If you are using an anti-virus (AV) application with Mail Express, you should add an exclusion to the AV application to skip files with a "gsb" extension.
Most AV applications have some kind of “real-time” scan feature that scans files when they are accessed. Their user interface allows you to specify to “scan files” when writing to disk, when reading from disk, on network drives, and/or opened for backup. When AV applications detect an issue, they may clean it, delete it, or quarantine it. To Mail Express, the file will simply disappear (it will appear to be deleted by an agent other than Mail Express).
The AV applications try to be smart about when they “scan” a file; once they have scanned it, they do not re-scan it on access unless it has been changed. For example, the first time a file is read by an application, the AV application will scan it.

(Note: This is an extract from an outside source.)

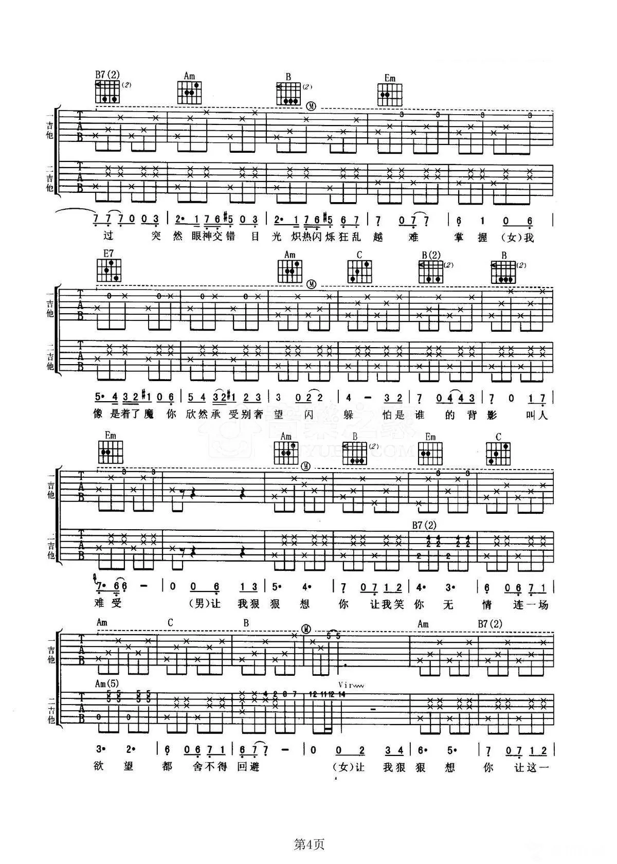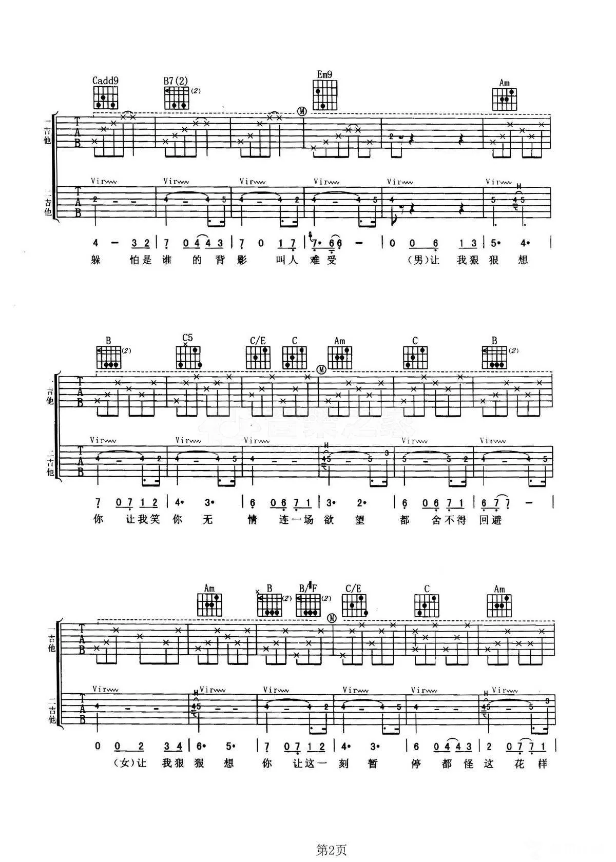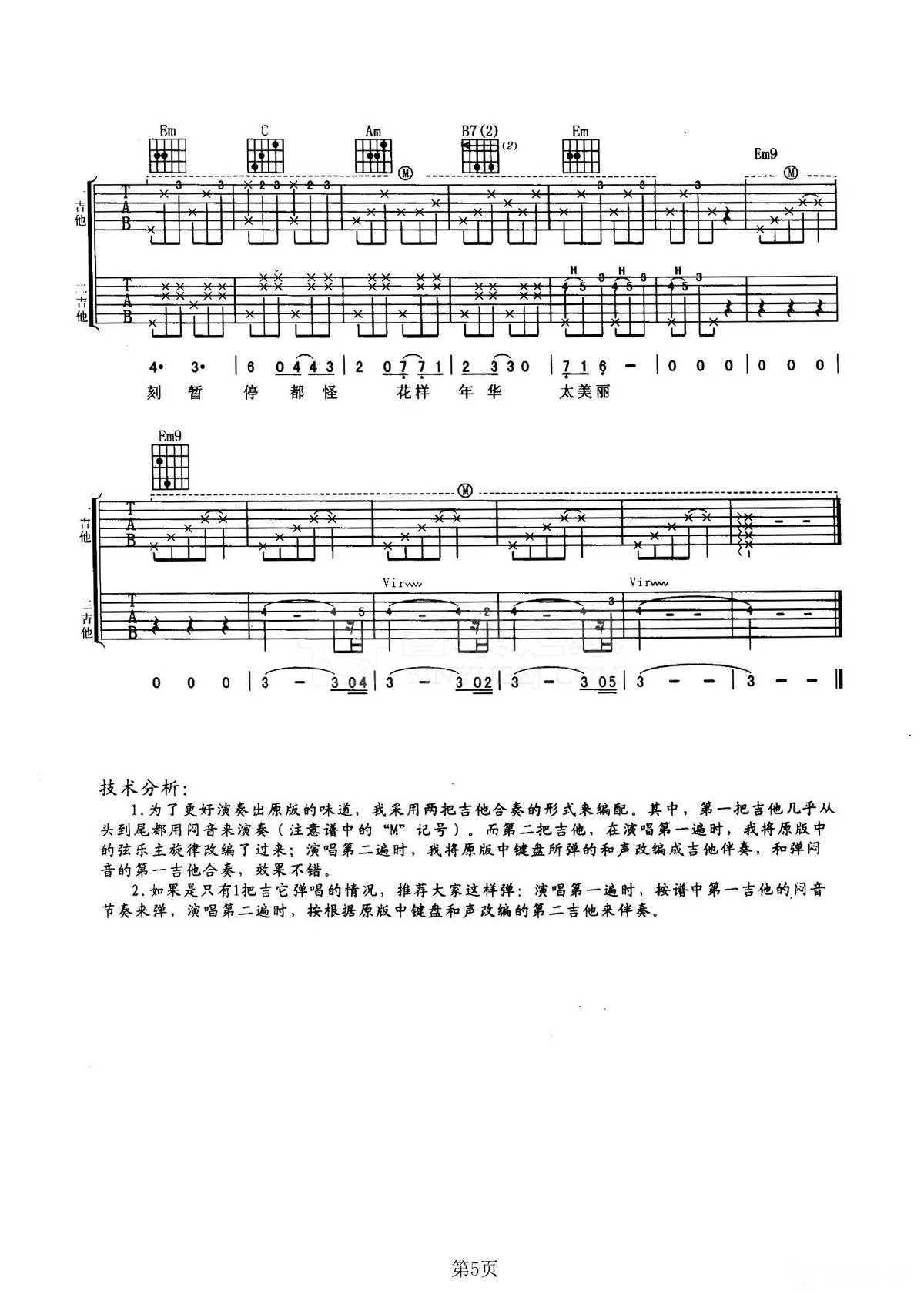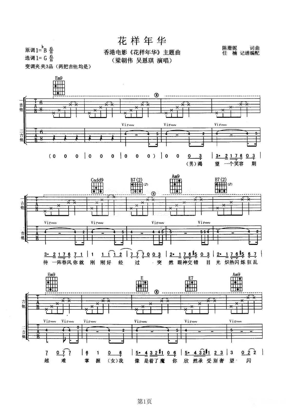 曲谱介绍: G调双吉他版梁朝伟/吴恩琪《花样年华》吉他弹唱六线谱

If it is subsequently read, the AV applications will not rescan, because the file has not changed.
One of the problems AV applications have with Mail Express is that it writes to the file many times during the transfer process. AV applications see every write as a change, which triggers a re-scan. Performance can be affected dramatically, especially if the file has attributes that cause the AV applications to give it special attention.
Mail Express version 3.1 applies an extension to files that are "in-progress" to provide a signal to AV applications to not scan them. When Mail Express writes to a file, it adds a "gsb" extension. When Mail Express finishes transferring the file, it removes the extension and then triggers the AV application by tweaking the first byte of the file (Mail Express reads and then re-writes the first byte). Therefore, the network administrator should add an exclusion to the AV application to skip files with a "gsb" extension.
The network administrator should also add an exclusion for temporary files uploaded from Mail Express's web portals. For example, if Mail Express were installed in C:\Program Files\Globalscape\Mail Express, then the folder for temporary files is C:\Program Files\Globalscape\Mail Express\temp. Temporary upload files to this folder will have the pattern “upload_###.tmp” where “###” is a unique identifier; this folder is generally used by all components of Mail Express when a temporary file is created.
These files will still be scanned by AV applications, but only after they have arrived at the Mail Express data folder. For larger files uploaded from the drop-off page, they will be temporarily staged in the "tmpdir"; without this exclusion, the AV application will delete the file from the "tmpdir" and the upload will fail with an error message which will be routed back to the client’s browser.